Shrimp Beef Wonton

by Wanshanhong

4.7 (1)
Favorite
46

Difficulty

Easy

Time

15m

Serving

4

#亲情婚纱# I was lucky to get the trial of Knorr Thick Soup Bao. This time I tried the special thick soup Bao for Wen stew. I have already used it to make a stew dish. I changed it today and used it to quickly make a stock soup to make wontons. Because my mother-in-law is older and has bad teeth, she likes to eat wontons because they are softer. The old lady loves to eat shrimps, but when I am older, I always put the amount of shrimp meat, so I paired it with warm beef, and got more ginger to remove the cold. I also paired it with vegetables, because the elderly can’t eat too much meat, so the elderly can eat it. You can taste and nourish your stomach when you wake up. Of course, don’t put chili in the end for the elderly.

Shrimp Beef Wonton

1. Beef mince filling

2. Pick out the shrimp thread and peel the shrimp meat, also chop it

3. Put the chopped beef and shrimp in a basin, add ginger, salt, five-spice powder, rice wine, soy sauce and other seasonings and stir well

4. 200 grams of water is added to the meat filling several times, each time it must be fully stirred until it is completely absorbed and then added again, and finally stirred until the meat filling is strong.

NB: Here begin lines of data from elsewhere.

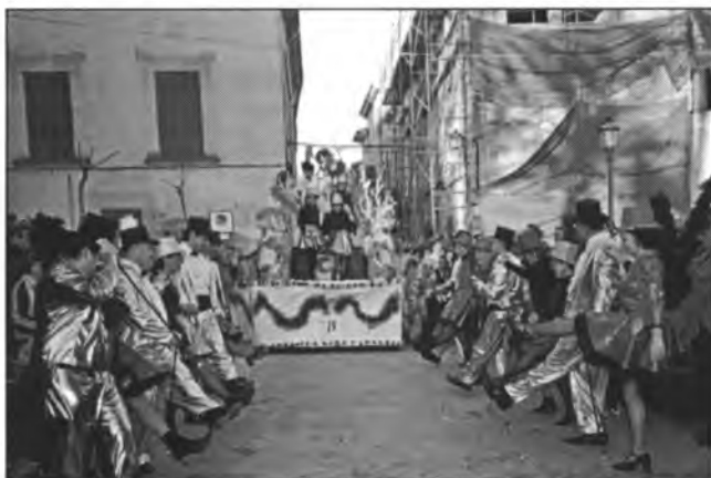
Les manifestacions culturals o lúdiques sempre tendran cabuda a Bona Pau
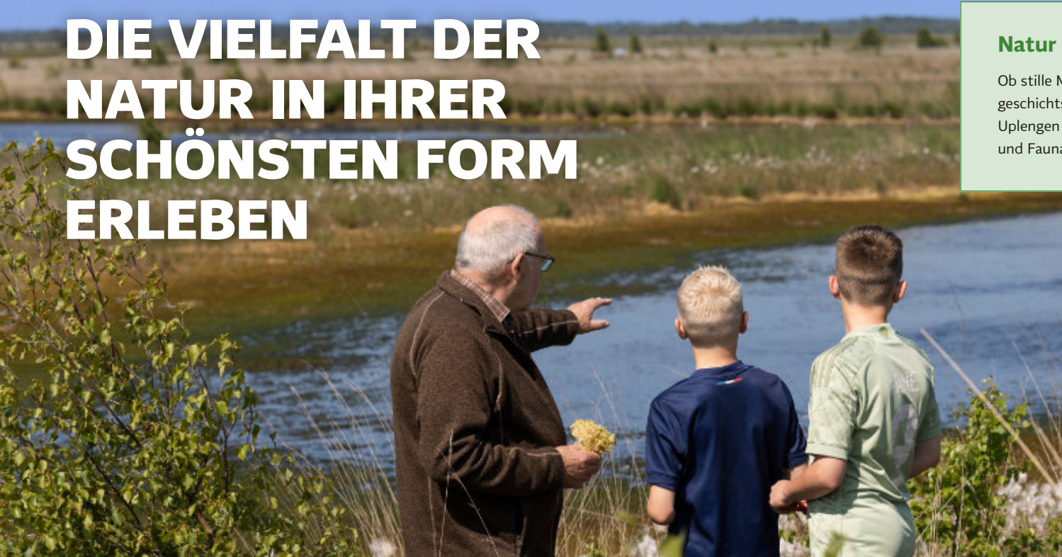
Typisch ostfriesischer Kanal in Uplengen
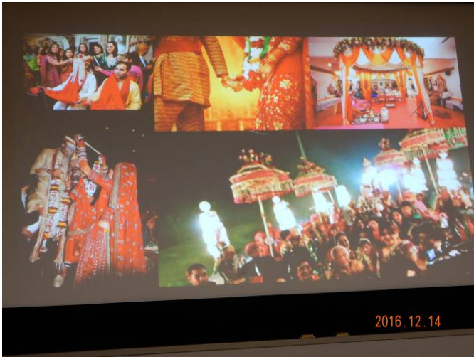
華やかな結婚式、音楽・ダンス中心の映画が楽しませてくれる
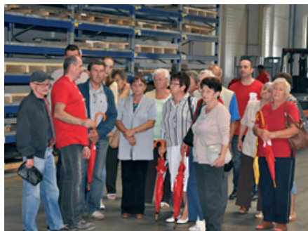
Nyílt nap a Ferzol Kft-nél
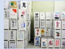
山のように積み上げられた絵柄灯笼

平成4年吉備高原都市に賑わいを、また各地より集まってきた地域住民、地域企業との一体感を持つためにこの「きびプラザ」を会場に始まったイベントが「鬼伝祭」です。「鬼伝祭」の由来は吉備高原に伝わる鬼の様々な伝説をもとに、鬼
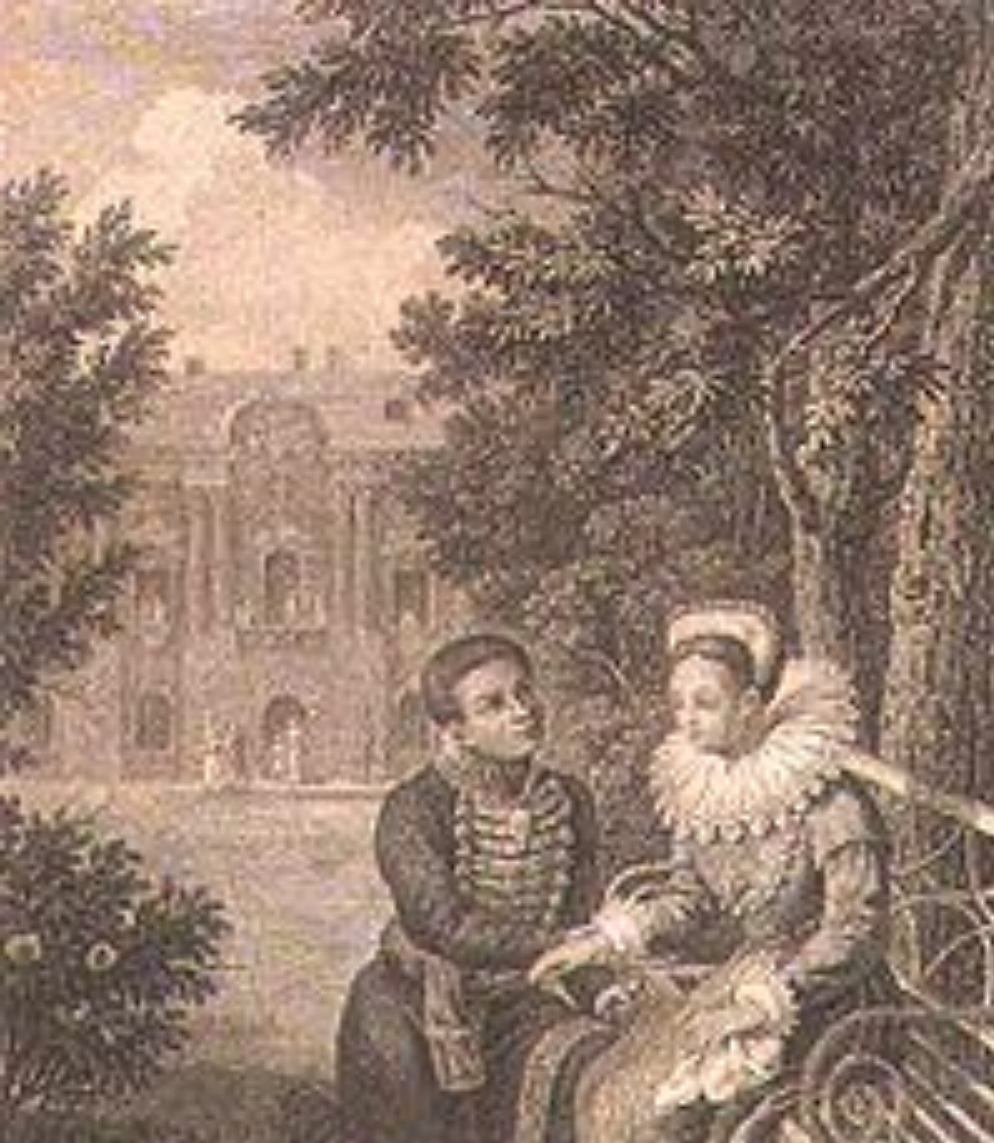
Лжедмитрий I и Марина Мнишек
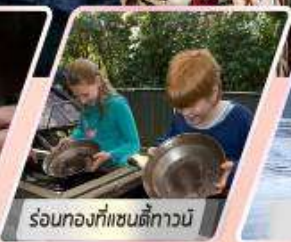
ร้อนท้องที่แซนดี้ทาวน์
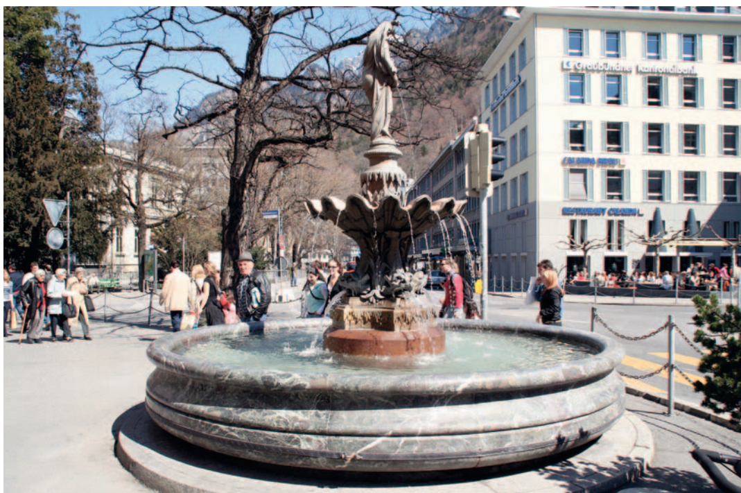
Seit 1880 sprudelt «die Fontaine» aus buntem Savogniner Ophicalcit auf dem Postplatz.

Da die öffentlichen Brunnen im Laufe der letzten hundertfünfzig Jahre fast alle einstigen Funktionen einbüßten, verloren die meisten Brunnen in diesem Zeitabschnitt ihren Sudelbrunnen. Einer der letzten existiert noch beim Hegisbrunnen. Wie sehr einzelne Stadtbewohner die verschwundenen Sudelbrunnen vermissen, und wie unnachgiebig andererseits die Behörden die Sauberkeit des Hauptbrunnens verteidigten, zeigt eine Episode aus dem Jahre 1933. Das Polizeiamt
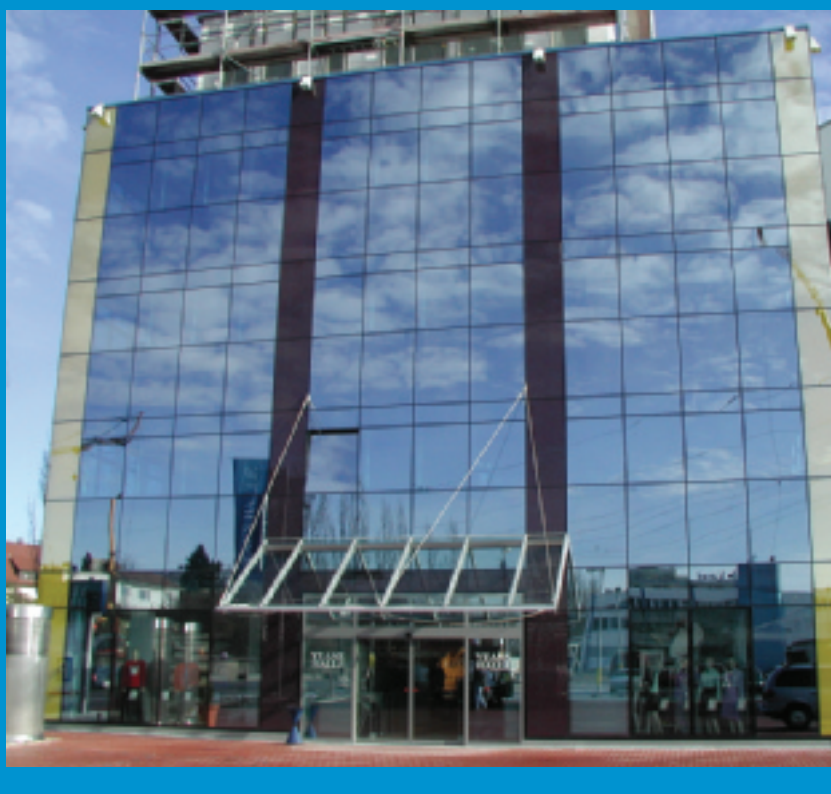
Cristal Carree - Sindelfingen - Allemagne - Stopsol Supersilver Dark Blue

Grâce à sa couche pyrolitique, le verre Stopsol est très facile à transformer. Il peut être durci, trempé, bombé, émaillé, sérigraphié et installé en simple et double vitrage. Stopsol est devenu le verre de prédilection pour de nombreux architectes et promoteurs à travers le monde.
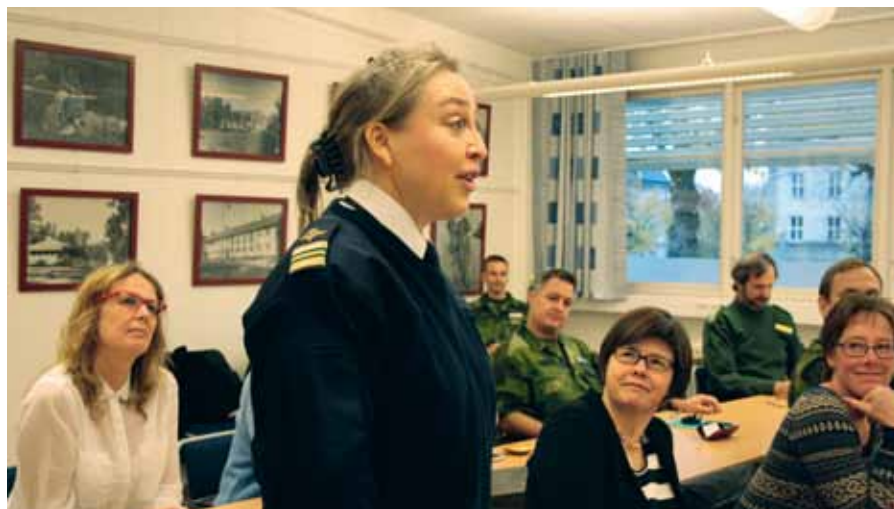
Intresset var stort när införandegruppen introducerade emilia för nyckelpersoner på förbanden. Nu måste förberedelser göras inför uppbyggnaden.

– Endast medlemmarna kommer kunna skriva i samarbetsytan, men alla kan läsa. Alla som vill, kan följa vad som
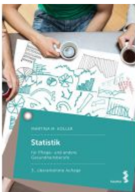
Statistik für Pflege- und andere Gesundheitsberufe Ladenpreis: 26,90EUR
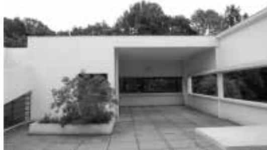
Ilustração 60 – Pátio da Villa Savoye. Focando direcção Este. (Susana Santos, 2011).

A geometria do espaço é transposta para a geometria da forma que se expressa, também, no desenho do pavimento.
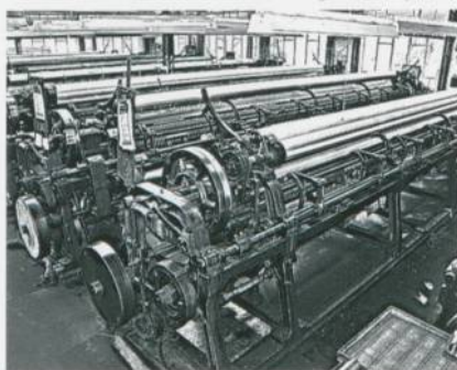
Abb. 1: Bobinet-Maschinen, erfunden von John Heathcoat im Jahre 1808

In der französischen Stadt TULLE, im Département Corrèze, wurde die Spitze erstmals nicht mehr in einem Arbeitsgang geklöppelt, sondern zunächst ein Netzgrund in zeitraubender Handarbeit angefertigt. Dieser Netzgrund wurde von da an Tüll (Tulle) genannt. Ende des 18. Jahrhunderts versuchte man, den Netz- bzw. Spitzengrund mechanisch herzustellen. Der erste Versuch gelang im Jahre 1765, als auf einem so genannten Strumpfstuhl ein tüllähnliches Gewirk hergestellt werden konnte – ein Produkt, das jedoch noch nicht befriedigte. Erst im Jahr 1808 wurde die erste Bobinet-Tüllmaschine gebaut und patentiert. Als Erfinder gilt der Engländer John Heathcoat aus Nottingham (Abb. 1). Der auf dieser Maschine hergestellte glatte,
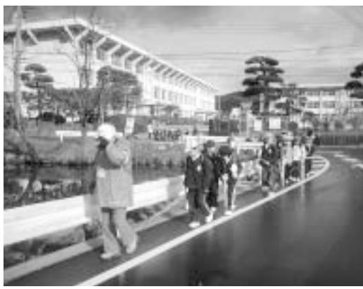
児童の集団下校に付き添う地域ボランティア（川上小学校区）

る活動を積極的に実施されている。活動に対する財政的支援としては、立ち上げ時に、腕章と車両用マグネット式ステッカーを配付した。活動が活発化する中、独自に帽子や腕章を作成された小学校区が8割近くある。作成経費はPTA負担あるいは地域の団体、有志の支援がほとんどである。活動が市民の善意に支えられ、同時に明るい地域づくりにも寄与するものと期待している。
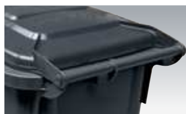
Deckel mit 2-fach Scharnierung

5. Add carrot shreds to the stirred meat filling. The carrots should be mixed evenly with cooking oil, and then mixed with the meat filling, so that the moisture in the carrots can be locked.

6. Chopped green onions, mix well with sesame oil

7. Stir properly, let the onion mix evenly

8. Wrap it in wonton skin

9. Wrapped Wontons

10. Add water to the pot and boil, add the thick soup and cook for 2 minutes. You can add some pepper if you like. I am afraid of spicy food, so I didn’t add it to the soup. You can add pepper to your bowl when you eat.

11. Add the wontons and cook them, and finally put in an appropriate amount of seaweed.

Tips:

Be sure to mix the stuffing. The vegetables must be mixed with oil first and then mixed with the meat, so that the moisture in the vegetables can be locked and the stuffing will not get out of the soup.